Devo ou não devo eliminar o glúten da minha alimentação?

Até há bem pouco tempo atrás, a maior parte de nós não fazia a mínima ideia do que era isso do glúten.
A não ser que sejam portadores de uma doença celíaca, o mais provável é que – tal como eu – já comam enormes quantidades de glúten há anos e não saibam. No entanto, fiquem a saber que praticar uma alimentação sem glúten está a ficar na moda e está no radar de muitas pessoas, incluindo desportistas.

O glúten está no radar de muitas pessoas e, principalmente, nos atletas de resistência. O interesse sobre esta matéria aumenta quando vemos exemplos de atletas que aparentemente são capazes de grandes performances depois de se livrarem do glúten na sua alimentação. Mas nem todos eles são intolerantes ao glúten. Simplesmente adoptaram por uma alimentação sem glúten por causa da inflamação que ocorre quando este é metabolizado pelo corpo. Por essa razão, esta dieta também é conhecida como “a dieta anti-inflamatória”.

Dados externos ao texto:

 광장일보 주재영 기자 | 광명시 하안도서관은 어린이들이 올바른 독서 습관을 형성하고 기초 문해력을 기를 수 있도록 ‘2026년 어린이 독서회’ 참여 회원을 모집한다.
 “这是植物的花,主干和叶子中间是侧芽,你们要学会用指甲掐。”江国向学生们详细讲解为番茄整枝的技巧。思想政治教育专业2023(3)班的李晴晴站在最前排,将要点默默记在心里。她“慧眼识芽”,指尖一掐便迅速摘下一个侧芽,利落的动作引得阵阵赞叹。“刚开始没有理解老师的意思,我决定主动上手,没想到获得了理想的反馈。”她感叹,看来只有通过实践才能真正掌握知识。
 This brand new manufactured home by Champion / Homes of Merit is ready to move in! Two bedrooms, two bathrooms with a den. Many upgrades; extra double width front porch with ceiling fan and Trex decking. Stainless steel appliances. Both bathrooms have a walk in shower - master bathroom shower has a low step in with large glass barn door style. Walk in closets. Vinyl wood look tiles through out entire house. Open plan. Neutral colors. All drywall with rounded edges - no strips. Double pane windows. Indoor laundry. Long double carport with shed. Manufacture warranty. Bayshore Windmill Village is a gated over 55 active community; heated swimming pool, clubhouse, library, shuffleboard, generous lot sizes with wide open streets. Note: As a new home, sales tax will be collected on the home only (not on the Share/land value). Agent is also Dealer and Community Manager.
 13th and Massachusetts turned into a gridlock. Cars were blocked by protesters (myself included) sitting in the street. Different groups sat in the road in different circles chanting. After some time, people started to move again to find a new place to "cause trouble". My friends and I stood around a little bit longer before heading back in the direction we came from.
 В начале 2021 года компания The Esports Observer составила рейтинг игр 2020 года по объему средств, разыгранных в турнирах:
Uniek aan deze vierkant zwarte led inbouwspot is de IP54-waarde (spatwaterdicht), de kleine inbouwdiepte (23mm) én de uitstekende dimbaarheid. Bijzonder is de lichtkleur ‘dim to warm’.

Treinar de forma adequada é um fator de stress positivo para os músculos (mesmo assim não se evitam inflamações), mas acrescentar desnecessariamente ao nosso regime outro elementos provocador de inflamações, logicamente que não fará bem nenhum ao nosso corpo. Quem corre, muito provavelmente já teve perturbações gastro-intestinais e uma alimentação livre de glúten pode bem ser a resposta para ambas as situações.

A principal razão pela qual se chama de “dieta anti-inflamatória” reside no simples facto que obriga a eliminar uma série de alimentos processados, incluindo bolachas e biscoitos, pão, massas, cereais e a maior parte dos alimentos fritos e transformados. Regra geral, quando se segue corretamente um plano alimentar sem glúten acaba por se substituir estes alimentos por frutas, vegetais, proteínas magras e outros alimentos saudáveis, como iogurtes, manteigas de amêndoa e de outros frutos secos, hummus, quinoa, etc. A linha de pensamento está focada em ingerirmos alimentos mais limpos, naturais e, assim sendo, diminuir os processos inflamatórios. As duas coisas que imediatamente se começam a notar são uma diminuição do inchaço abdominal e dos “problemas de casa-de-banho”. Também a desidratação se torna menos frequente.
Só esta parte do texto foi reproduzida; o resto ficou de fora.